Bees are dying, and colonies are collapsing. The collapse of colonies is denominated as “colony collapse disorder” (CCD). Three studies conducted in 2012 identified the killer as a group of insecticides called neonicotinoids. But the Environmental Protection Agency (EPA) won’t take any action that diminishes the profits of farmers and chemical makers.
Corn crops, which took up 84 million acres in the US in 2011 and 96 million in 2012, are planted with seeds treated with neonicotinoids, produced by the German chemical manufacturer, Bayer. Neonicotinoids are also used on soy and other US crops. Neonicotinoids have been applied to corn crops since the late 1990s.
Neonicotinoids are a class of insecticides chemically related to nicotine. “Neonicotinoids” means “new nicotine-like insecticides.” Like nicotine, neonicotinoids act on certain kinds of receptors in neural synapses. They are much more toxic to insects than to mammals and birds.
What happens is that the pesticides are absorbed by the plant’s vascular system and “expressed” in its pollen and nectar, which are gathered by the bees. The pesticides attack the insects’ nervous systems and impair their ability to forage for nectar, learn and remember where flowers are located, and find their way home.
But neonicotinoids do not have “lethal effects” that kill the bees outright, as would insecticides like Raid. They have “sublethal effects” —changes in physiological processes, growth, reproduction, behavior and development—that make the bees more vulnerable to stressors like poor nutrition and pathogens. The weaknesses in the bee population caused by neonicotinoids may be passed to subsequent generations.
Ironically, the three 2012 studies were funded by Bayer itself.
A national survey of honey bee colonies for the 2012/2013 winter season indicated that 31.1% of managed honey bee colonies in the United States were lost. This is a 7% increase in the winter losses for the 2011-2012 season, which were 21.9%. The total losses over a six-year period were 30.5%. These surveys were conducted by the Bee Informed Partnership in collaboration with the Apiary Inspectors of America (AIA) and the United States Department of Agriculture (USDA).

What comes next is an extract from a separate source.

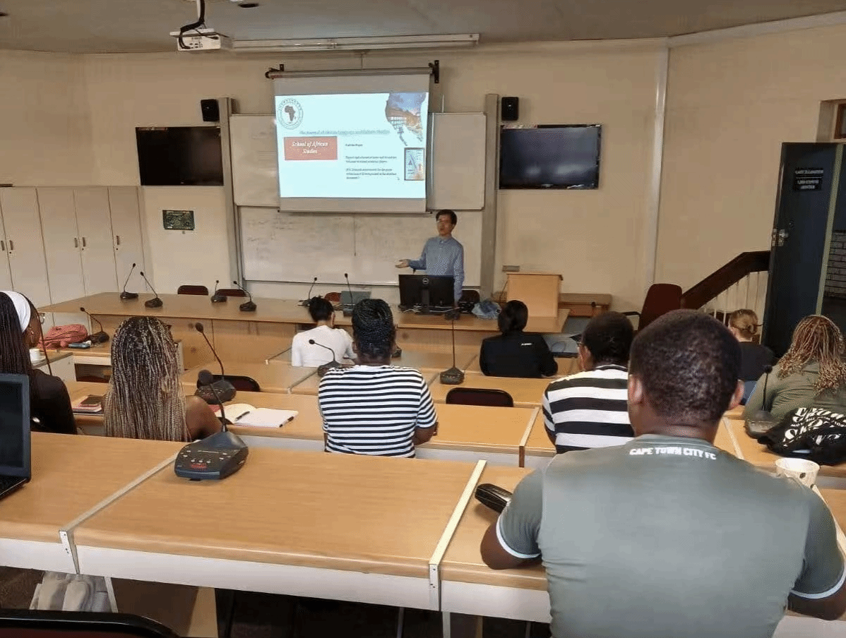 2月12日,M88mansion体育在南非自由州大学语言学与语言实践系开展了以“拥抱全球文明倡议:促进中南人民心灵相通”为主题的宣传介绍讲座,主讲人为北外第五批非通用语种团队研究生、自由州大学在读博士李尧政。

In response to these concerns, the European Union recently suspended most use for two years. A report by the European Food Safety Authority in January identified acute risks for bees from exposure to neonically treated crops like corn and sunflowers.
The EPA, on the other hand, still permits the use of neonicotinoids, pending further study.
In May of this year, the EPA and USDA released a joint report at the “ National Honey Bee Health Stakeholder Conference” that avoided identifying a single cause of CCD but referred to a “complex set of stressors and pathogens,” including poor nutrition, viruses, gut parasites, and pesticides. But poor nutrition and susceptibility to pathogens are among the particular sub-lethal effects of neonicotinoids.
The EPA was loath to mention anything that would negatively affect sales and profits.
There was a presentation by USDA scientist Jeff Pettis that pointed to several studies showing that even low-level exposure to neonics makes bees more vulnerable to the gut parasite nosema. Nosema ceranae, a fungal pathogen, has also been closely linked to CCD.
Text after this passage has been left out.